Inglourious Basterds

Released: 19 Aug 2009

Two men, one holding a knife, in a forest setting.
Two men, one holding a knife, in a forest setting.
3

Anticipation.

Hey, it’s QT. But can he be trusted with one of the most painful episodes in history?

3

Enjoyment.

Amazing whenever the Jew Hunter is on screen. Wait, is this movie still running?

3

In Retrospect.

Too long and too full of itself, but saved by one genius performance and some hot flashes of classic QT dialogue.

Quentin Tarantino’s World War Two epic is saved by one genius performance and some hot flashes of dialogue.

Inglourious Basterds starts with the best scene Quentin Tarantino has written since Dennis Hopper told Christopher Walken he’s an egg-plant in True Romance. Whisking volatile comedy with powderkeg violence, it’s as good as it gets.
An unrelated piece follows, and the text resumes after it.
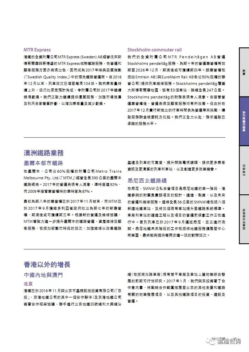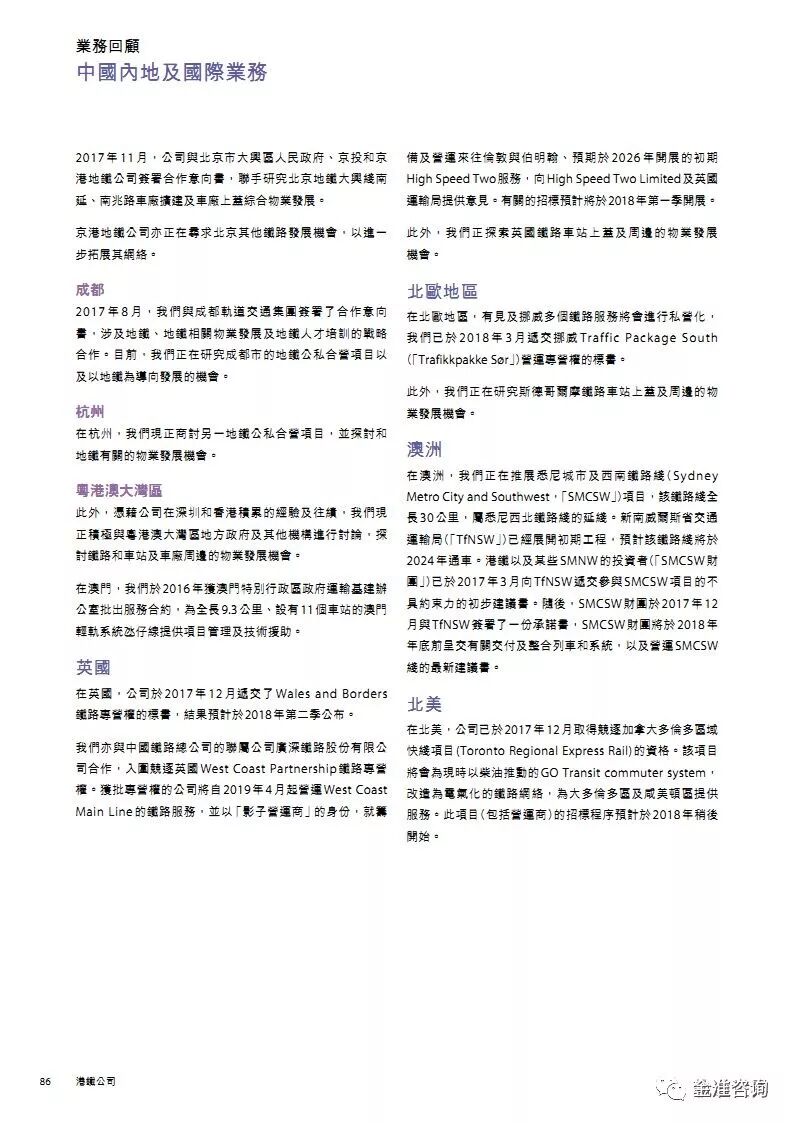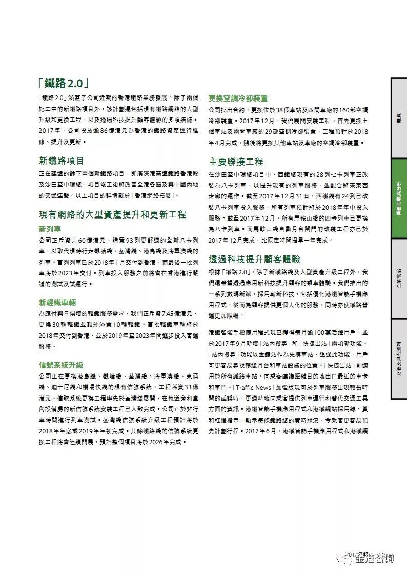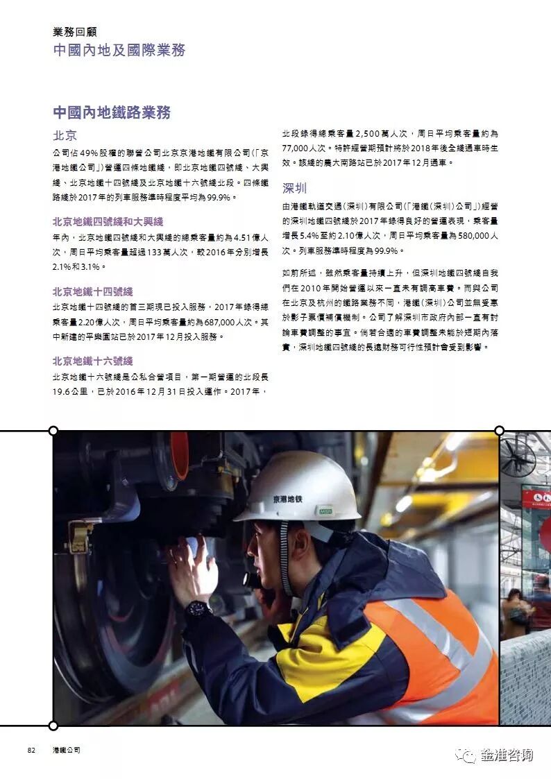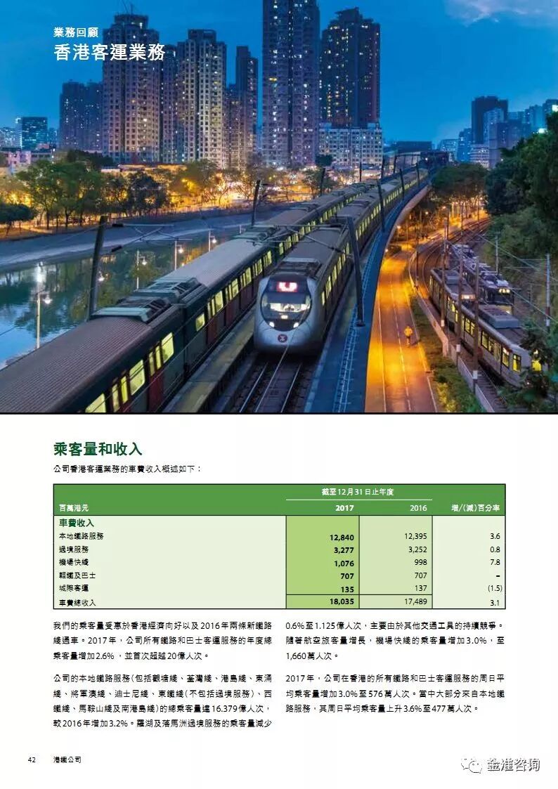 公司新闻 行业资讯 项目动态 政策法规 公司新闻 行业资讯 项目动态 政策法规 当前位置: 首页» 资讯中心» 行业资讯 行业资讯 图解港铁2017年报 发布日期:2018-05-16 作者: 来源:轨道世界 导读 图解港铁2017年报 精华节选 素材来源:MTR公开资料
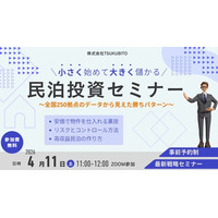 【参加無料】全国250拠点のデータから導く「勝てる民泊投資」セミナーを開催|株式会社TSUKUBITO/2026年4月11日(土)11:00~/事前予約制/オンライン実施/参加費無料

And it never gets that good again.

Unfolding in German, French and English, this terrific opening scene sees the villainous ‘Jew Hunter’, Colonel Hans Landa (Christoph Waltz), murder a Jewish family hiding in a French farm. But one girl (Mélanie Laurent) escapes, growing up to run a Paris cinema where she hatches a plot to kill Hitler and the Reich’s top brass when they attend a movie premiere.

What we have here, then, is QT gleefully harnessing film’s power to rewrite history. Meanwhile, Michael Fassbender’s British agent (a film critic by training) gets orders from an unrecognisable Mike Myers to hook up with German actress-cum-spy Diane Kruger to take out Hitler himself. Once again, it’s tough-grrls who are the real heroes in QT’s world of violent men. And Kruger provides the trademark foot fetishism.
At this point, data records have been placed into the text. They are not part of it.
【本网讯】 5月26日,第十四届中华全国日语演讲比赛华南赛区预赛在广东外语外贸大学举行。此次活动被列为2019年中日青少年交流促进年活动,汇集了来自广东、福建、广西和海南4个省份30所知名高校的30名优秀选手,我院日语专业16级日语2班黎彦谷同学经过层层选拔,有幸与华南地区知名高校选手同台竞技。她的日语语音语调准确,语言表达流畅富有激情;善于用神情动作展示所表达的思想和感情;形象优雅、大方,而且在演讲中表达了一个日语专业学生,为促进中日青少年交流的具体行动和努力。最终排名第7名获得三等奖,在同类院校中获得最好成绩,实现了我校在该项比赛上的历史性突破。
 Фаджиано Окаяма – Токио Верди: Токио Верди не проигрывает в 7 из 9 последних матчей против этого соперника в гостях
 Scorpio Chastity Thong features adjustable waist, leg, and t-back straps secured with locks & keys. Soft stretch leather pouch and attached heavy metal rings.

So where, exactly, are the Basterds in all this? Well, quite. After Brad Pitt’s redneck half-Apache leader Aldo Raine demands his squad of Jewish-American soldiers each bring him 100 Nazi scalps, they barely feature. After fearsome introductions, infamous Nazi-killing German Til Schweiger doesn’t say a word in the film, and blankety-blank Eli Roth leaves you wishing they’d cast a proper actor as the infamous ‘Bear Jew’. Woody Allen would’ve been good.

QT’s war opus is topped and tailed by shocking massacres, but in-between, the violence erupts only in short, bloody blasts. The devil is in the dialogue. Tarantino’s best action set-pieces are all verbal: the farmhouse scene, a tavern drinking game in which an SS officer grows suspicious of Fassbender’s German accent, and, basically, every time Landa opens his mouth.

Nothing in the entire movie is as funny, frightening or sophisticated as Christoph Waltz’s unforgettable performance. All silken menace veiling sociopathic derangement, he’s full of tiny intricacies that don’t come from the script – whether carefully undoing the fastenings on a notebook, or eating apple strudel (“Ah, ah! Wait for ze cream…”).

Trouble is, the rest of Basterds drags on and on and on. Over the last decade, Tarantino’s movies have become less frequent and more indulgent. Now it’s got to the point where he repeats long dialogue scenes until you’re tired of hearing people talk. Inglourious Basterds ran very baggy at its Cannes cut of two hours and 41 minutes. It’s no exaggeration to say that an hour could have been hacked away like a Nazi scalp.

Tarantino has been wrestling with the script for more than a decade and he still hasn’t nailed it. He even hauls in Samuel L Jackson to interject several voiceover-interludes when he runs out of ideas for how to tell the story.

By the bizarre, blazing sado-massacre of a finale, QT has let loose completely: flashes of cine-genius curdle with crude, crazy juvenility, although it doesn’t stop this being his most purely enjoyable film since Kill Bill: Vol. 1. The banana-chinned supergeek himself obviously likes it – just wait for the last line.